Roe 1 v. United States is currently active in federal court and directly challenges California and federal policies barring Second Amendment rights for people with prior mental health restrictions. The case targets exactly the intersection of WIC 8103, §922(g)(4), and the absence of any individualized dangerousness finding — the same structural problem Hemani now reinforces from the top down.
Even where the initial disarmament might survive historical scrutiny, the permanent and unreviewable character of federal prohibition under §922(g)(4) is independently vulnerable. Historical disarmament mechanisms were rarely irrevocable — they were conditional, tied to ongoing status, or subject to review. A lifetime federal ban attaching to a single psychiatric hospitalization, with no functional restoration process, does not map cleanly onto that tradition. The NICS Improvement Act created a theoretical relief mechanism, but it remains largely nonfunctional: most states do not have an approved restoration program, and the federal program has operated inconsistently for years.
Taken together, Hemani and the cases it will inform suggest a Second Amendment jurisprudence moving in a consistent direction: away from categorical, status-based restrictions and toward individualized, historically grounded, and reviewable determinations of dangerousness.
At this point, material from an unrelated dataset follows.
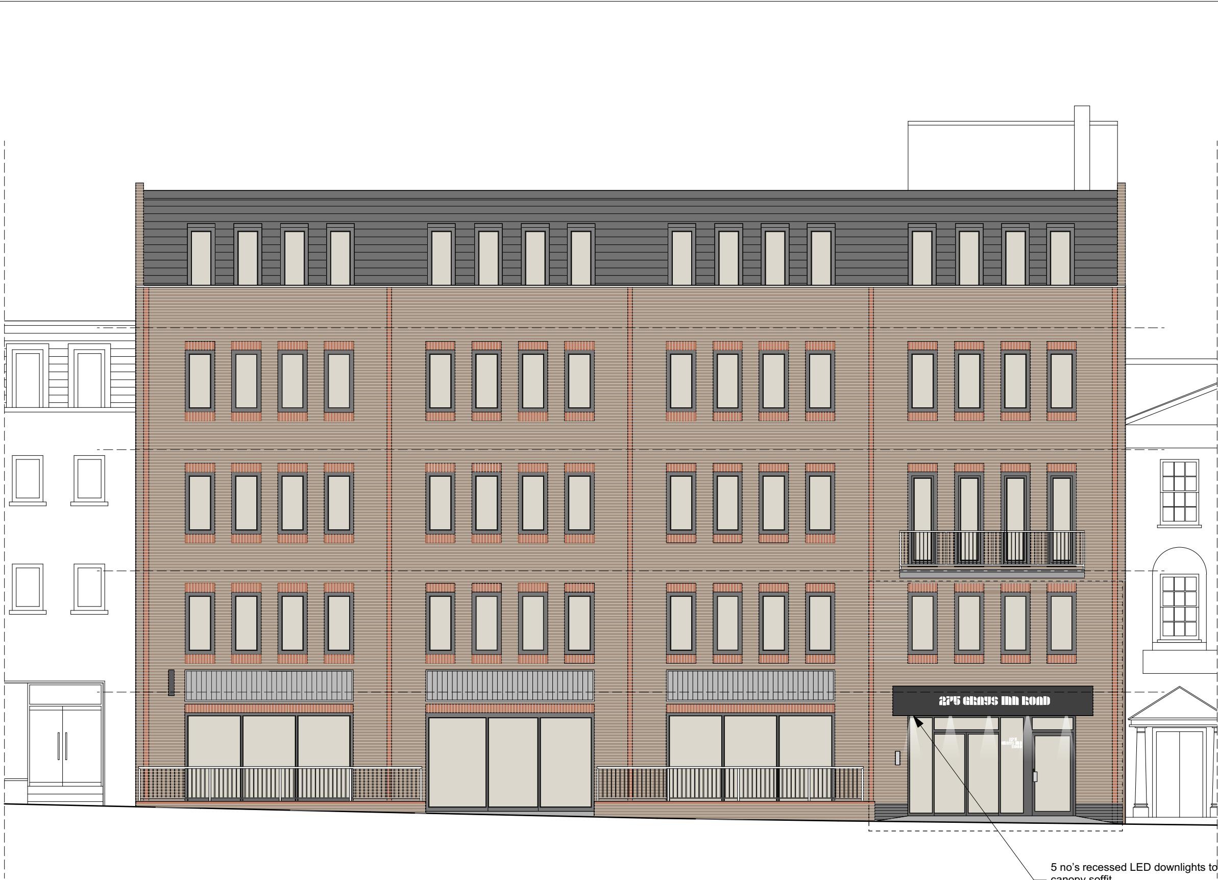
1 PROPOSED EAST (FRONT) ELEVATION Scale: 1:50 @ A1/1:100 @ A3

That is a more demanding standard for gun regulation in specific, structural ways — it requires legislatures to identify historical analogues rather than invoking public safety interest-balancing. But the Court in Hemani was unanimous, and the opinion takes care to preserve substantial regulatory space. Restrictions on the actively intoxicated, on genuine addicts, on people found specifically and individually dangerous — all remain available under the Court’s framework.
What the framework places under pressure is regulatory bluntness: broad categorical prohibitions imposed on large classes of people without serious engagement with either historical tradition or individual dangerousness. That description fits meaningful portions of both federal mental health gun law and California’s CCW disqualification framework.
Ali Hemani surrendered his gun voluntarily, answered every question honestly, and went home. The Court said the government had no business making that a felony. The lower courts will be working out the downstream consequences of that holding for some time.